This volume addresses personalisation, a key education policy in England and a key issue identified by the OECD for the schools of the future. The central questions addressed are: Which are the main theoretical perspectives on personalisation? Which are the policy strategies in different contexts? Which ingredients and theories of personalisation as legitimated knowledge from abroad are locally adopted and adapted in different countries? What are the meanings and purposes of personalisation? Why does it come paradoxically to be implemented by teachers through grouping by ability? Which alliances between the public and the private sectors are proposed?

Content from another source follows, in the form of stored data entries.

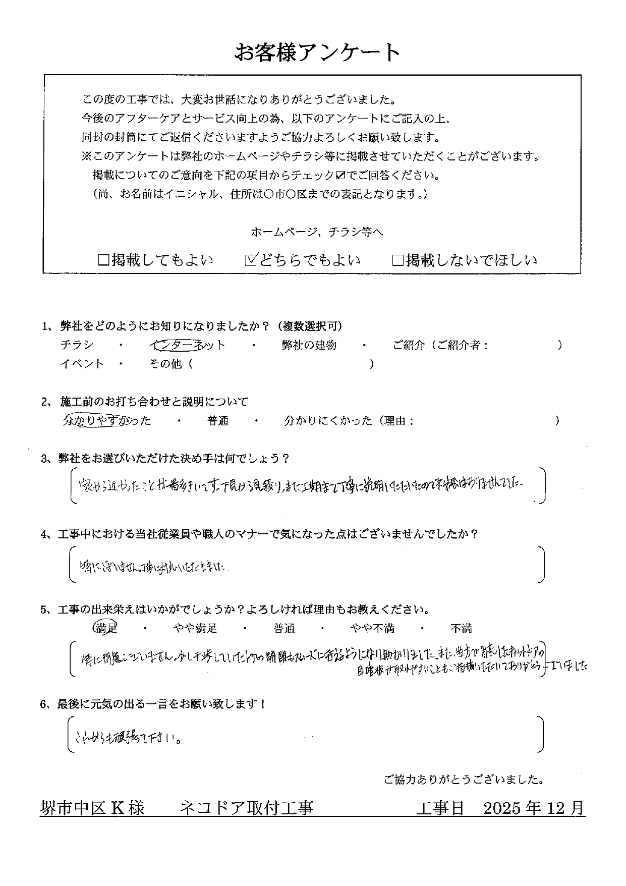 特に問題ございません。少し干渉していたドアの開閉もスムーズに行えるようになり助かりました。また、当方が用意したキャットドアの目暗板が取れやすいこともご指摘いただいてありがとうございました。
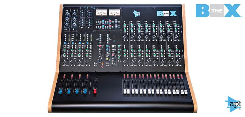 API THE BOX Project Recording and Mixing ConsoleBuilding on API's rich heritage of extremely high-quality recording consoles, THE BOX is a small-format recording/mixing console designed for professional project studios, home studios, and production facilities of all kinds. Optimized for the digital era, THE BOX handles all the functions needed for production not provided by most DAWs, including mic preamps, input signal processing, high-quality mix bus, cue sends with talkback, monitor control, and more, without the redundant capacities of larger consoles. Most importantly, THE BOX provides the legendary "all discrete" API sound in an efficient, cost-effective package.FeaturesTwo (2) input channels with mic/instrument/line preamp, HP filter, integral 550A EQTwo (2) input channels with mic/instrument/line preamp, HP filter, 500 slotTwo (2) compressors assignable to input channels or program bus with stereo linkSixteen (16) summing channels (20 channels during mix)Stereo program bus with master fader, insert, and external inputOne (1) stereo and (2) mono auxiliary sends/busesStereo cue send/bus headphone systemPFL, AFL, and solo-in-place solo modes with stereo solo busFull-featured monitor section that supports two stereo monitor systemsTalkback systemComprehensive rear panel connections with balanced inputs and outputsIntegrated power supply
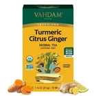 VAHDAM, Organic Turmeric Citrus Ginger Herbal Tea (18 Count) Caffeine Free, Gluten Free | 100% Pure Herbal Blend - Citrusy & Savory | Eco-Friendly Individually Wrapped Tea Bags | Direct from Source Description Features: Harvested in India - Turmeric Citrus Ginger Herbal Tea crafted with turmeric, ginger, and lemon sourced directly from Indian farms, with no middlemen involved, grown sustainably and free from artificial flavors. Citrusy Turmeric Ginger Tea - Our tea offers a warming spice of turmeric and ginger with a balance of tangy citrus note from lemon with a hint of natural sweetness. Being caffeine-free it's perfect for any time of the day. A Brand With a Billion Dreams - Feel alive with VAHDAM Indias premium teas. A leading global brand, we ship to over 3 million customers in 130+ countries. Proudly carbon-neutral and plastic-neutral, we invest in environmental sustainability under our home-grown, sustainable label. Ethical, Direct & Fair-trade - Our supply chain ensures you get the freshest tea while farmers receive fair prices. We reinvest 1% of our revenue into the education of our tea growers' children through our Teach Me initiative, honoring their aspirations and supporting their future. Product Details: Brand: VAHDAM Item Form: Teabags Flavor: Turmeric Tea Variety: Turmeric Unit Count: 1 Count Package Dimensions : 5.2 x 3.19 x 2.8 inches; 2.4 ounces UPC : Manufacturer : VAHDAM Country of Origin : India Handling We will ship all orders within 3 business days of payment. Delivery We do not ship outside of the Continental US. Feedback We take our reputation seriously, we buy and sell online, so we understand the value of trust. If you are unsatisfied with your order, please contact us and we will work with you to resolve it to your satisfaction.
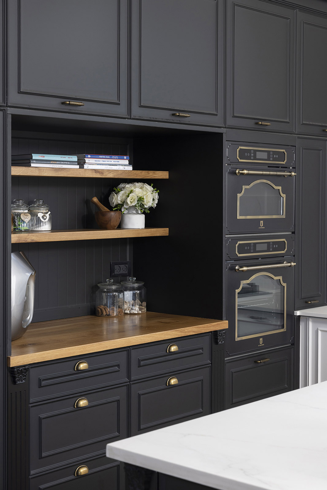 מטבח שחור לא חייב להיות מודרני בלבד. דווקא בסגנון הכפרי הוא מקבל עומק מפתיע. ארונות בעבודת נגרות עם חריטות עדינות, משטח עץ טבעי ומשטח בוצ’ר שחום. כל אלה יוצרים מראה ייחודי שמשלב בין רוך כפרי לבין עוצמה מודרנית.
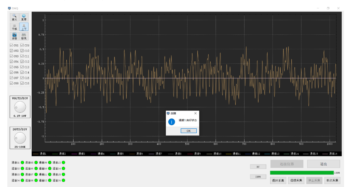 下角显示了当前各通道轴承的工作状态,绿色即无故障。从图
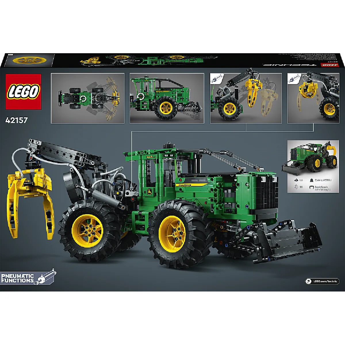 La reproduction LEGO Technic met en valeur la débardeuse John Deere 948L-II avec direction et 4 roues motrices pour une manipulation précise lors du jeu. Les constructeurs de 11 ans et plus découvrent un moteur qui tourne et des mécanismes réalistes, afin de comprendre le rôle de chaque sous-ensemble. Le système pneumatique intégré permet d'actionner les 3 mouvements de la pince et la lame pour simuler les opérations de débardage. Le siège est monté sur une base pivotante, ce qui facilite l'orientation dans toutes les situations de manuvre.
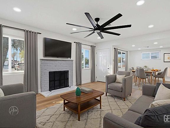 Beautifully Renovated Charmer! Step into this stunningly updated 3-bedroom, 1-bath home that combines modern comfort with timeless charm. Enjoy the welcoming front porch before entering a stylish interior featuring wood-look flooring throughout, and designer lighting fixtures. The brand-new kitchen shines with quartz countertops, stainless steel appliances, sleek black hardware, and custom cabinetry, complete with a cozy breakfast nook. The bathroom offers a newly tiled shower and tub combo with a contemporary vanity and mirror. Outside, you'll find a detached two-car garage and a separate storage unit ideal for a future ADU. The spacious backyard is perfect for family gatherings and outdoor entertaining. This home is full of character, functionality, and opportunity! Roof, Septic tank, windows, AC unit are all brand new. Come take a look!
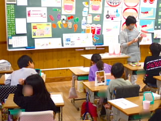 1年生で歯科衛生士さんをお招きし、歯科指導をしていただきました。ジュースやお菓子はたくさん砂糖が入っていて虫歯になりやすくなることや、汚れを落とす歯磨きの仕方を教えていただきました。学習の後、子どもたちは、「歯磨きを丁寧にする」「砂糖が入っている食べ物を食べすぎない」「ジュースのかわりに牛乳を飲む」などの感想を書いていました。
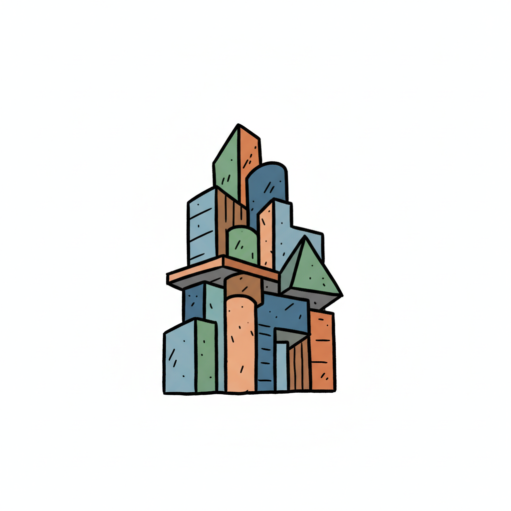 Illustration von bunten, gestapelten Bauklötzen in verschiedenen geometrischen Formen.
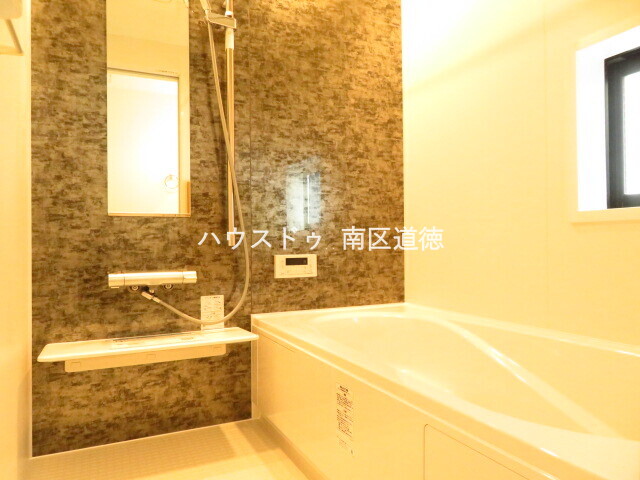 壁の色に変化をつけているので、明るさを保ちつつも落ち着いた印象の浴室です。浴室暖房乾燥機を標準装備!節水タイプの保温浴槽!
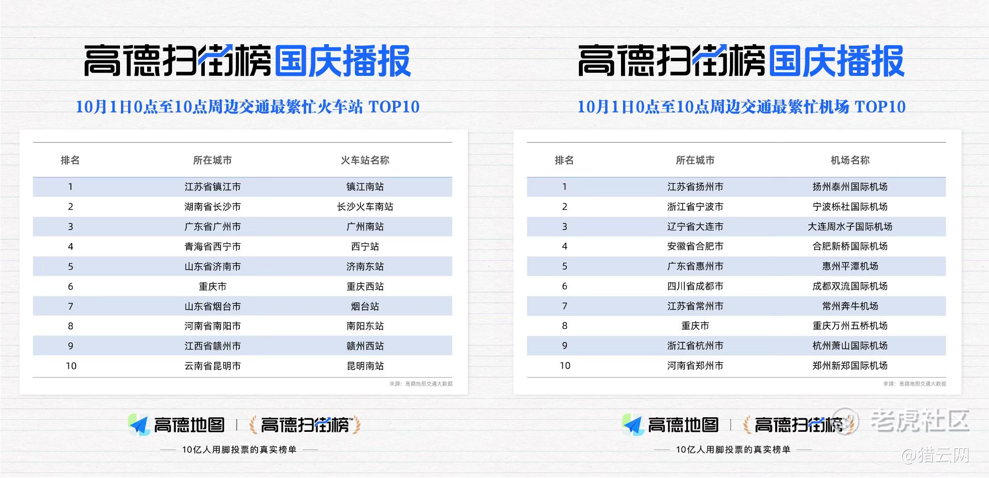 公共交通出行方面,高德交通大数据提示,10月1日上午,镇江南站、长沙火车南站、广州南站、西宁站、济南东站等周边交通繁忙;扬州泰州国际机场、宁波栎社国际机场、大连周水子国际机场、合肥新桥国际机场、惠州平潭机场等周边交通繁忙,建议使用高德地图“未来用时”功能提前规划出行路线。
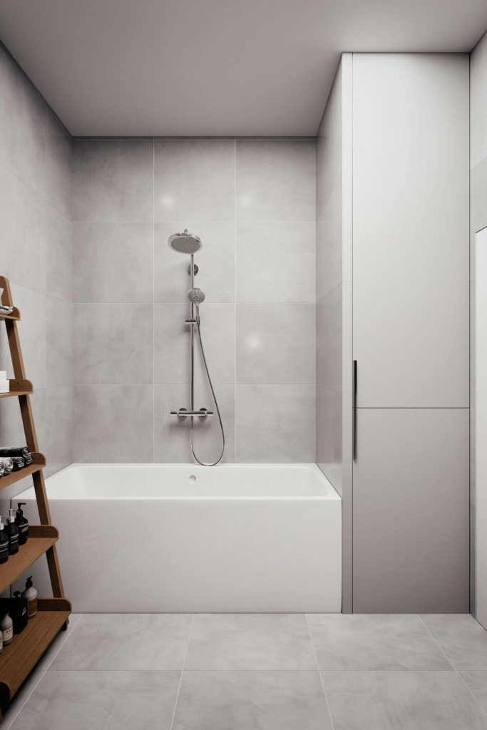 Монохромная палитра перекликается с основной ванной, создавая ощущение цельности интерьера. Душевая зона оформлена стеклянной перегородкой — это сохраняет ощущение открытого пространства и не загромождает помещение.
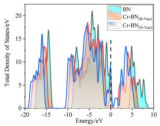 In this study, we employed the density of states (DOS) theory and differential charge density surface analysis to delve deeper into the alterations in the electronic properties of BN before and after doping, as presented in Figure 4 and Figure 5, respectively. Figure 4 demonstrates that, although the overall distribution of the total DOS remains largely unchanged before and after doping, the introduction of Cr dopant atoms introduces certain modifications to the system’s total DOS. Specifically, the total DOS for both Cr-doped BN materials shifts slightly towards the left when compared to pristine BN, accompanied by a minor reduction in the electron count on both sides of the Fermi level. Based on the band structure after Cr doping, we hypothesize that under the influence of the dopant, the electrons gradually move from the lower end of the conduction band to the upper end of the valence band, which leads to a decrease in the overall resistivity of the system and an increase in the electronic conductivity of the crystal. Furthermore, the emergence of additional small peaks in the total DOS after doping hints at a significant impact of Cr atom doping on the electronic behavior of pristine BN, introducing more activated states within the material.
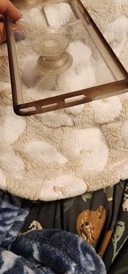 A: The case features a marble swirl print under a clear shell for a stylish look.
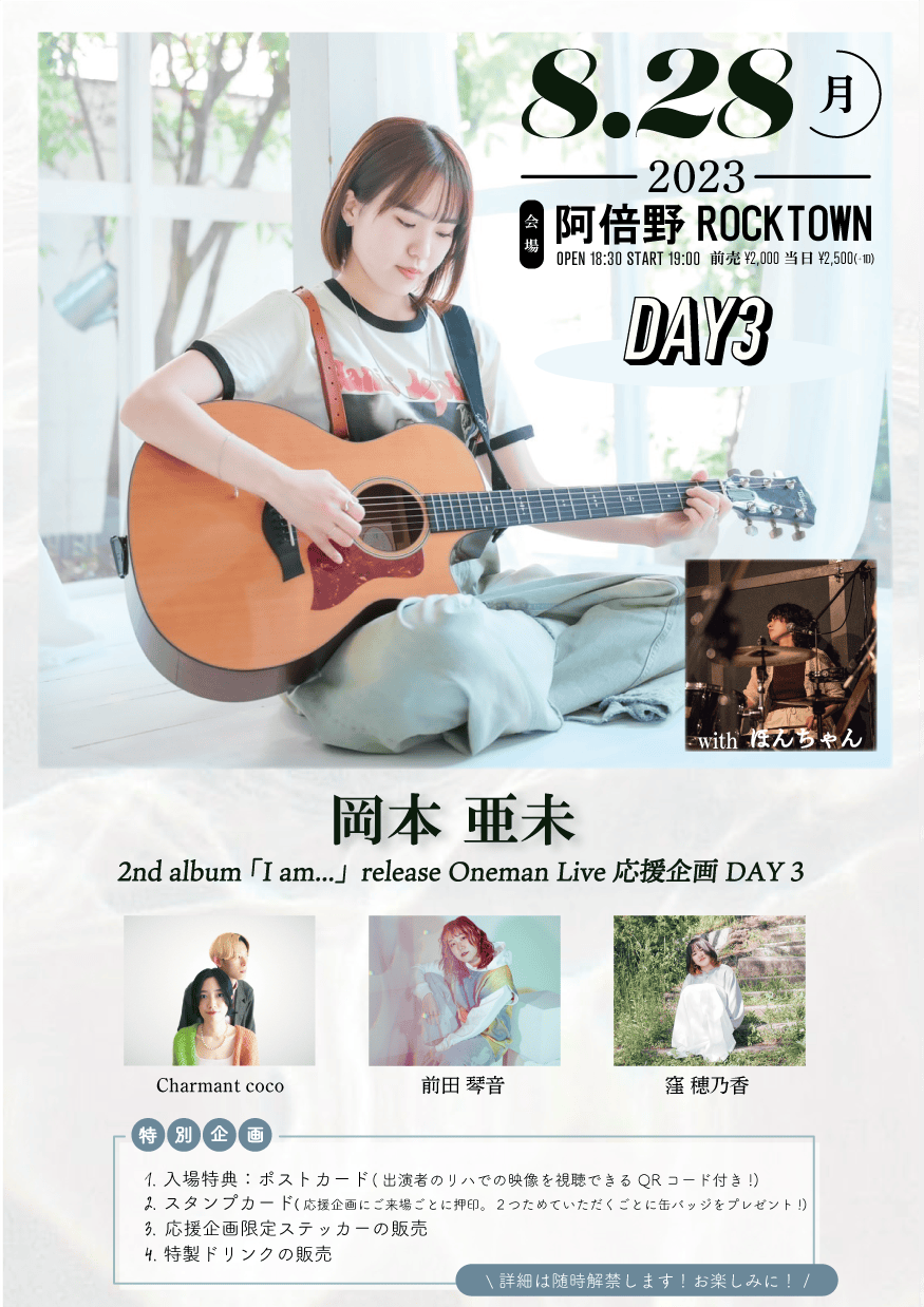 open 19:20 / start 19:40 優先¥2,500 (優先入場+3グループ合同囲みチェキ)/ |
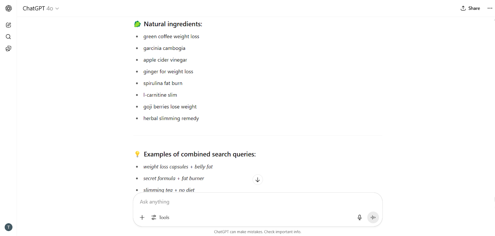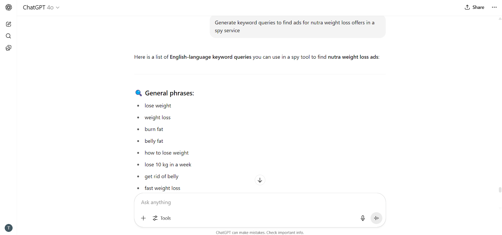 - Một cách đơn giản để tạo bộ từ khóa đúng và đủ là sử dụng ChatGPT mô hình AI hiểu rõ về Nutra và có thể tạo ra danh sách keyword được tối ưu riêng cho Ads Library.
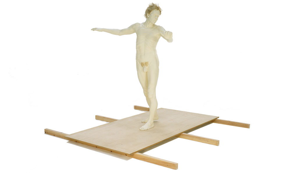 White-pigmented fibreglass resin, wood, rope, canvas. Life-size
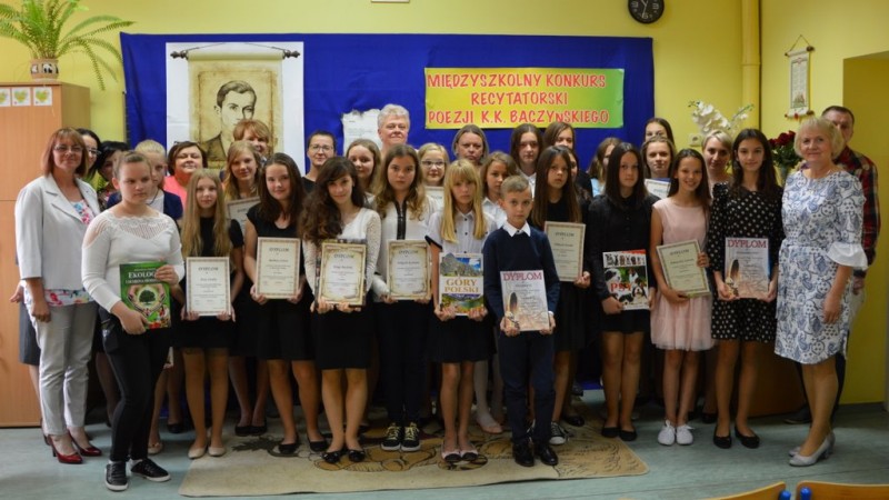 Wśród gimnazjalistów na najwyższym stopniu podium znalazła się Oliwia Studniarz. Druga była Daria Falarz, a trzecie miejsce zajęły – Barbara Cichoń i Patrycja Cierpik. Dyrektorka szkoły wręczyła nagrody i dyplomy uczniom oraz podziękowania dla nauczycieli za trud włożony w przygotowanie uczniów. Koordynatorkami konkursu były nauczycielki Jolanta Palion i Halina Kosińska.
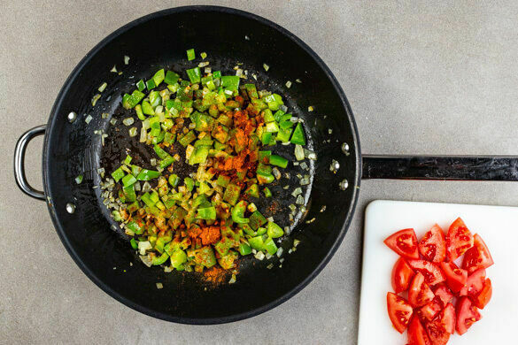 Die Zwiebeln, den Knoblauch, die Paprika und die ½ der Gewürzmischung in einer großen Pfanne mit 2EL Olivenöl bei mittlerer Hitze 5–7Min. anbraten. Inzwischen die Tomaten grob würfeln, mit je 1 Prise Salz und Pfeffer würzen und beiseitestellen.
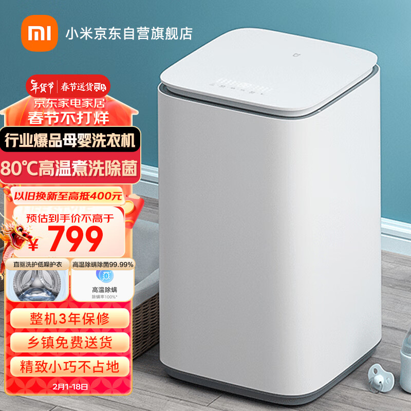 米家小米出品波轮洗衣机全自动 3公斤迷你婴儿小型儿童内衣洗衣机小 高温煮洗深度除螨 XQB30MJ101价格:799.00元!
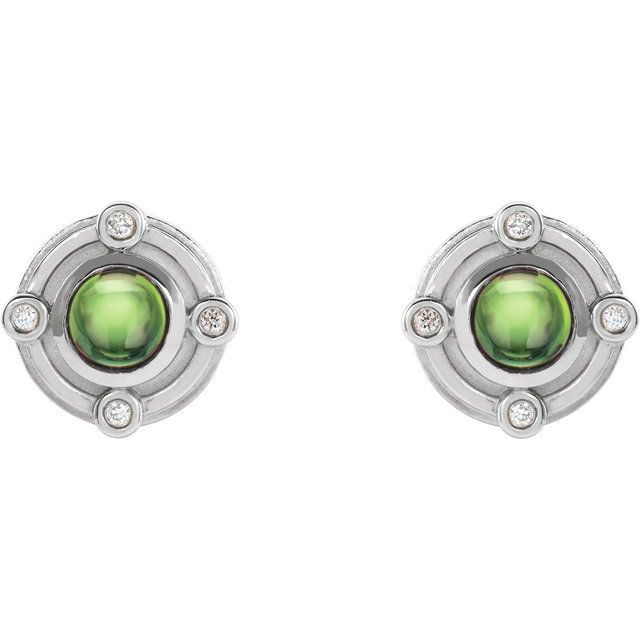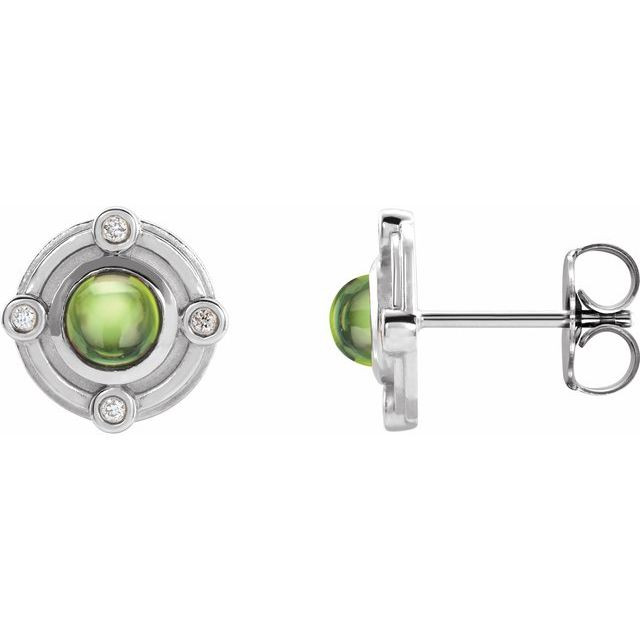 Sterling Silver Natural Peridot and .03 Carat Natural Diamond Earrings
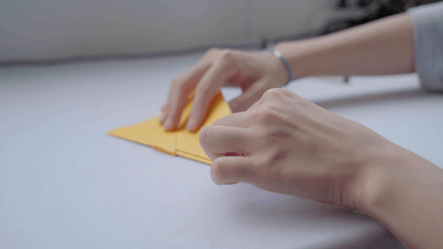 어둠 속에서 작은 종이를 정교하게 접는 손
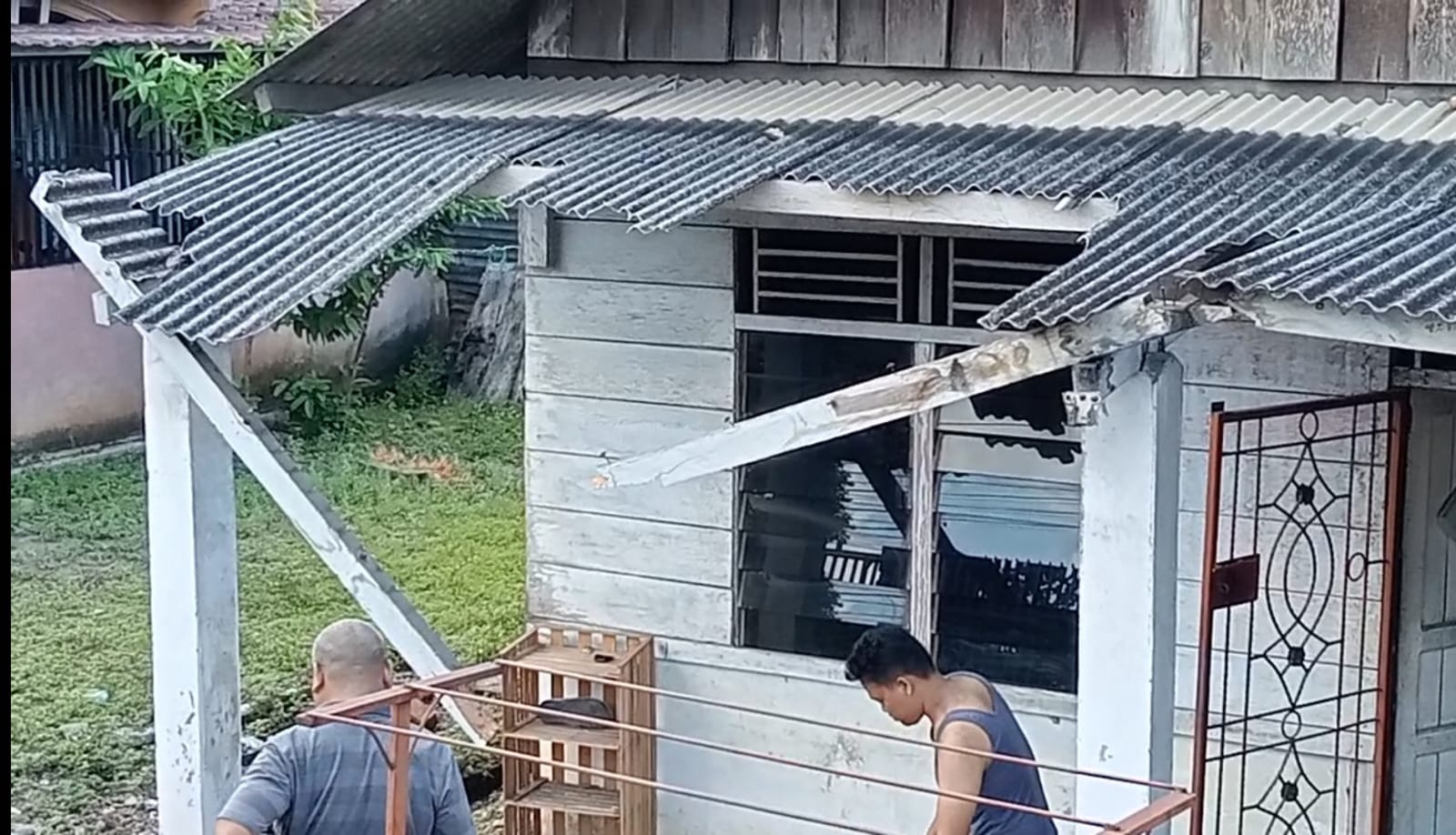 Atap teras rumah warga roboh akibat korban laka yang terpental.--Foto : Mardiansyah - PALTV

Leading scholars in the comparative education field as well as scholars committed to understanding the design and substance of education processes and politics, such as Michael Fullan, Chris Watkins, Michael Peters, Michael Fielding, Giorgio Chiosso, Ruth Deakin Crick, Ferran Ferrer, and Baocun Liu, engage with personalisation from a plurality of theoretical frameworks and in relation to many national contexts.
The volume, prefaced by Mark Ginsburg, presents two main perspectives which are simultaneously at work. In the first, personalisation is assessed as a recent and global education policy, in line with the current restructuring reforms of State administration worldwide. In the second perspective, personalisation is assumed to be not only a matter of recent education policy regarding school clients and their choices, but foremost a pedagogical theory, a reassembly of old and new pedagogical approaches under new reform discourses.